Is methylation correlated with gene expression levels?

Is there a correlation between CpG methylation in gene bodies and expression?

The file S_div_wp0_cpm.csv in the input directory has RNA expression values from seeds imbibed in water for 24 hours in a growth chamber. (Note that that methylation data comes from leaves of mature, field plants, so this is not ideal).

Get the RNA expression data

rna <- read_csv("../input/S_div_wp0_cpm.csv")
rna

Exercise 7

(A) Combine the rna and cpg data frames. Hint: you are going to have to mutate the Gene_ID column of one of these data frames, either with str_c or with str_remove depending on which way you decide to go

(B) Make a scatter plot (and maybe add a smoothing line) to show the relationship between cpg and rna. I recommend setting alpha to 0.1 or 0.2 for the points.

(C) Use cor.test() with method = "spearman" (since cpg methylation is not normally distributed) to test for a correlation. A low p-value means that the correlation is significant. rho is the amount of correlation (0 = no correlation, 1 = perfect correlation, -1 = perfect inverse correlation)

(D) Given the plot and cor test, what do you conclude about the relationship between CpG methylation and RNA expression in these samples?

Examine the methylation pattern genome wide

Having looked at the average pattern in genes, lets look at how methylation changes across the whole genome.

To do this, we divide the genome into tiles (or bins) and then compute the average methylation in each tile.

# Create tiles of 50,000 bp in length
tiles <- tileGenome(seqlengths(contigs.gr), tilewidth = 50000, cut.last.tile.in.chrom = TRUE)

Next we calculate the average cpg methylation in each bin

# Convert the cpg data to run-length encoding, required for computing average
cpg_rle <- mcolAsRleList(cpg, "score")

# average per bin
plotbins <- binnedAverage(tiles, cpg_rle, "CpG", na.rm = TRUE)

Now lets compute the density of genes in each bin.
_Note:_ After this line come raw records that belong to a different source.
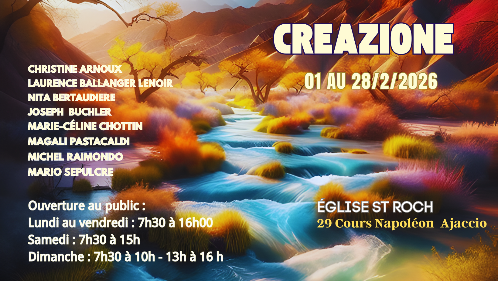 A l'occasion du Centenaire de la Messe des Artistes, une exposition collective est présentée jusqu'au 28 février 2026 à l'Eglise St Roch d'Ajaccio - 29 Cours Napoléon, sur les pilastres, avec la participation des artistes plasticiens : - Christine Arnoux - Nita Bertaudiere - Laurence Balllanger- Lenoir - Joseph Buchler - Marie-Céline Chottin - Magalie Pastacaldi - Michel Raimondo - Mario Sepulcre Ouverture au public : Du lundi au vendredi : de 7h30 à 16h00 Samedi : de 7h30 à 15h Dimanche : de 7h30 à 10h et de 13h à 16h
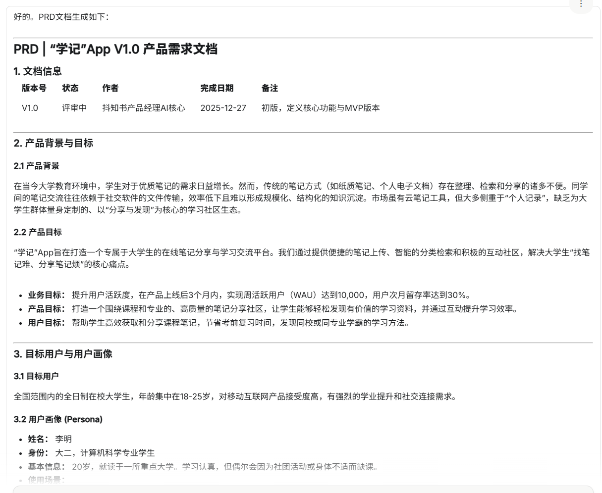 4.发送后,AI就会自动根据你的输入,直接输出一份结构完整的PRD文档。你可以直接复制使用。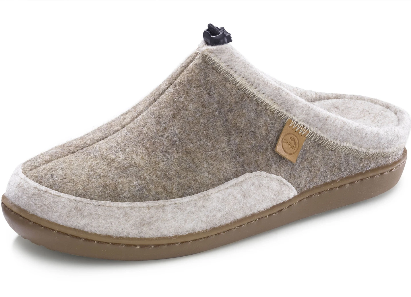 Lauruina Wollfilz-Pantoffel mit anatomisch geformten Fußbett in Taupe-Beige und in Größe 39.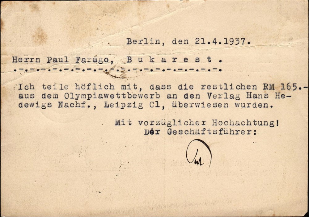 Postcard to P. Farago, pre-printed for "Grossdeutsche Schachbund", type-written, in German. Original signed, probably by Ehrhardt Post, who was in charge in that time.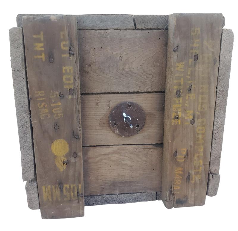 Beaux marquages jaunes un peu partout sur la caisse. Datée 1944.

A value of 100 would mean that 100% of the bin encodes mRNA sequences. We will compute this on the fly and add it to the plotbins GRanges object.

mcols(plotbins) <- cbind(mcols(plotbins),
                         mcols(binnedAverage(tiles, coverage(gff)*100, "genedensity")))

Plot a circular plot

One way to plot genomic information is in a circular plot. We use the package ggbio to accomplish this. ggbio uses a lot of the same grammar as ggplot but is specialized for genomic data.

ggbio() +
  circle(plotbins, geom="heatmap", aes(x=midpoint, color=CpG)) +
  new_scale_color() +
  circle(plotbins, geom="heatmap", aes(x=midpoint, color=genedensity)) +
  scale_color_gradient(high="red") +
    circle(contigs.gr, geom="text", aes(label=seqnames)) 

Plot a linear plot

ggbio also allows us to feed a Granges object straight in to ggplot.

ggplot(plotbins) +
  geom_line(mapping=aes(x=midpoint, y=CpG), color="skyblue") +
  geom_line(mapping=aes(x=midpoint, y=genedensity), color="red") +
  facet_wrap(~seqnames)

Exercise 8

Is there a relationship between CpG methylation and gene density? If so, what is it? What are the genomic features that might explain the pattern that you see?